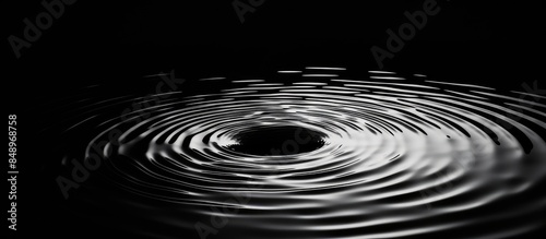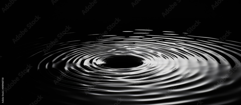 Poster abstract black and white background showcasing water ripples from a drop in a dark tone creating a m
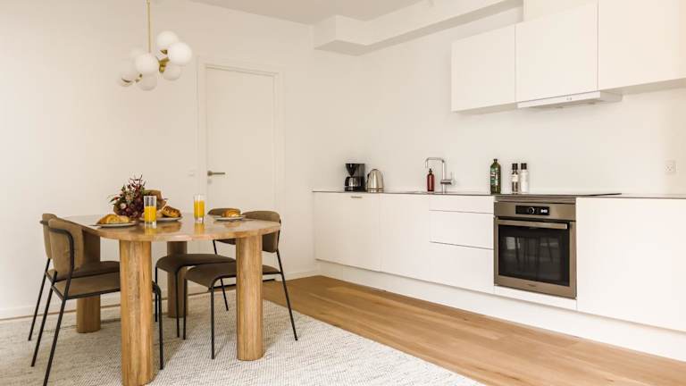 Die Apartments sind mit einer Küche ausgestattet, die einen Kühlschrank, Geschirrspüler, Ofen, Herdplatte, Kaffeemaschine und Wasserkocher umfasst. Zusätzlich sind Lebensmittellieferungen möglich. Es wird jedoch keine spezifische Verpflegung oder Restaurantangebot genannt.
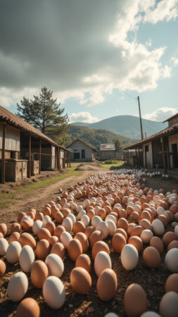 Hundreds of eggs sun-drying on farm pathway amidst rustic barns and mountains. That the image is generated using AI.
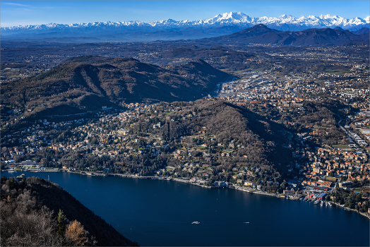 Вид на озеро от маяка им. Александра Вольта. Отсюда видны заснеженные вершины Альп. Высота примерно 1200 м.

----------

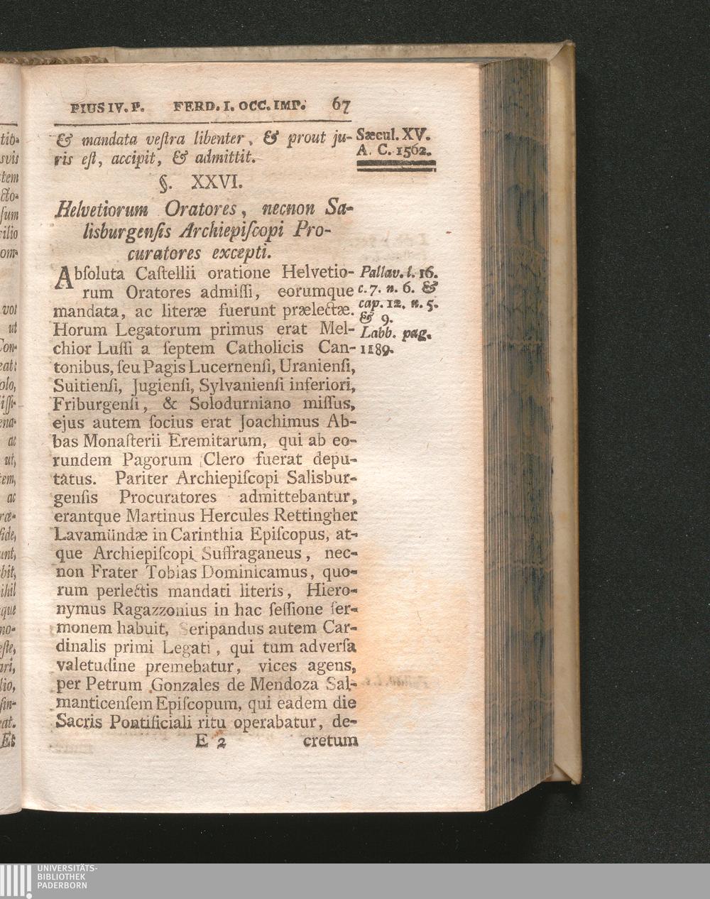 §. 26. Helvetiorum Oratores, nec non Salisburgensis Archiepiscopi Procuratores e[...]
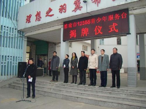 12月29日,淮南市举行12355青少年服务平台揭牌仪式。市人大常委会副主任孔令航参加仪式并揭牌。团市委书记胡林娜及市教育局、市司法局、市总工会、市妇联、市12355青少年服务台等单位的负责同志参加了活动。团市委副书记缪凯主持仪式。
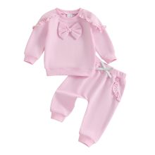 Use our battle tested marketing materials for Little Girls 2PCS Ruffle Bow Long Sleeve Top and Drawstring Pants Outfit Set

----------

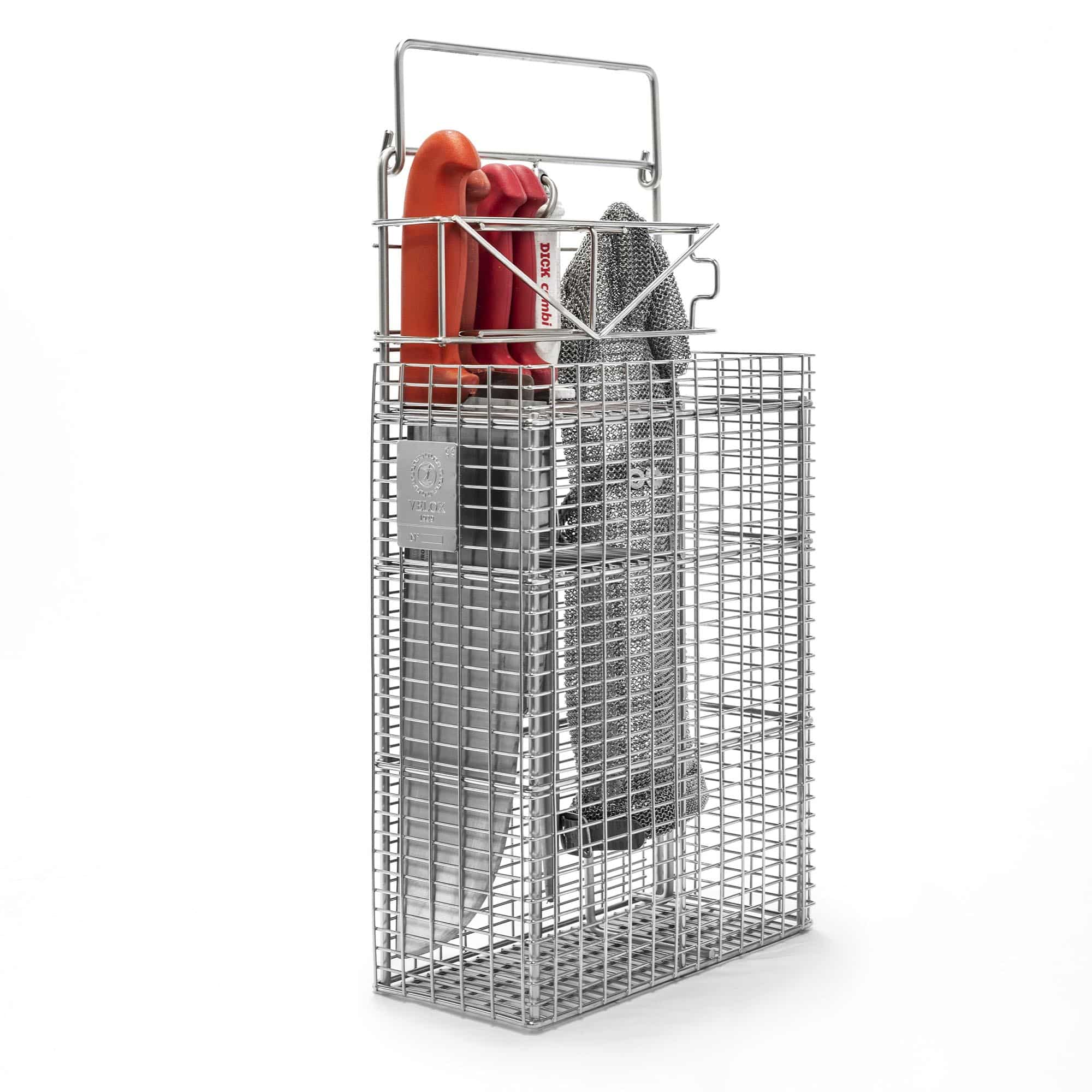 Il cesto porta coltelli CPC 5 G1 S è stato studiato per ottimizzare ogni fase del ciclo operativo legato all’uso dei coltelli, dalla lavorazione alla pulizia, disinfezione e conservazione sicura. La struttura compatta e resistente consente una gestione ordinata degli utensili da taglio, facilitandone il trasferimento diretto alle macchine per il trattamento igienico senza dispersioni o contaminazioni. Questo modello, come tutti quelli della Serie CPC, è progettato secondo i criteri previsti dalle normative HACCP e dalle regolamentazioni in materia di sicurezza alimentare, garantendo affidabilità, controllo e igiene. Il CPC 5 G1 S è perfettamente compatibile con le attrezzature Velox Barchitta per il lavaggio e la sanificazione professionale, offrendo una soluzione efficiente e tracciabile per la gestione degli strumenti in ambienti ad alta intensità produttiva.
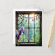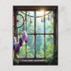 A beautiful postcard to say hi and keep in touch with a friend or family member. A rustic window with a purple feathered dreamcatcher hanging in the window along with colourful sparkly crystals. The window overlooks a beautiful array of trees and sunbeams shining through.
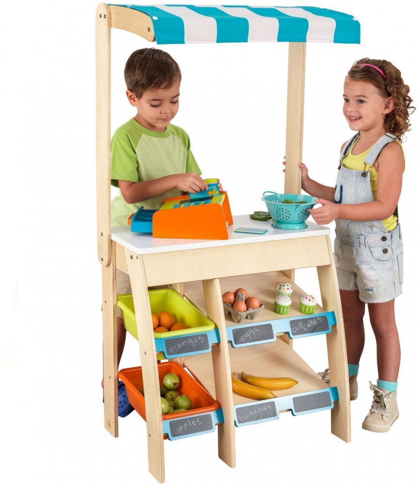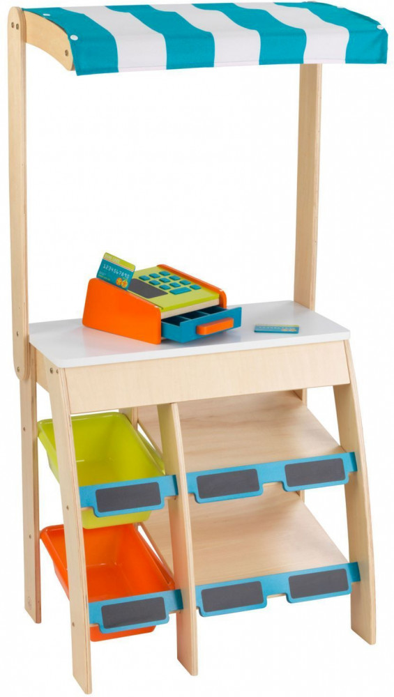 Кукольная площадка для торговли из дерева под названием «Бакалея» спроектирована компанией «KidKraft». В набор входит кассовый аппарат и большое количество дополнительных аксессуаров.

----------

**TO DO**
Though the entries above contain pictures, none should be copied; reproduce only the lines between the one holding "12月29日,淮南市举行12" and the one holding "Use our battle", inclusive, exactly as written.

**RESULT BELOW**
 12月29日,淮南市举行12355青少年服务平台揭牌仪式。市人大常委会副主任孔令航参加仪式并揭牌。团市委书记胡林娜及市教育局、市司法局、市总工会、市妇联、市12355青少年服务台等单位的负责同志参加了活动。团市委副书记缪凯主持仪式。
 Use our battle tested marketing materials for Little Girls 2PCS Ruffle Bow Long Sleeve Top and Drawstring Pants Outfit Set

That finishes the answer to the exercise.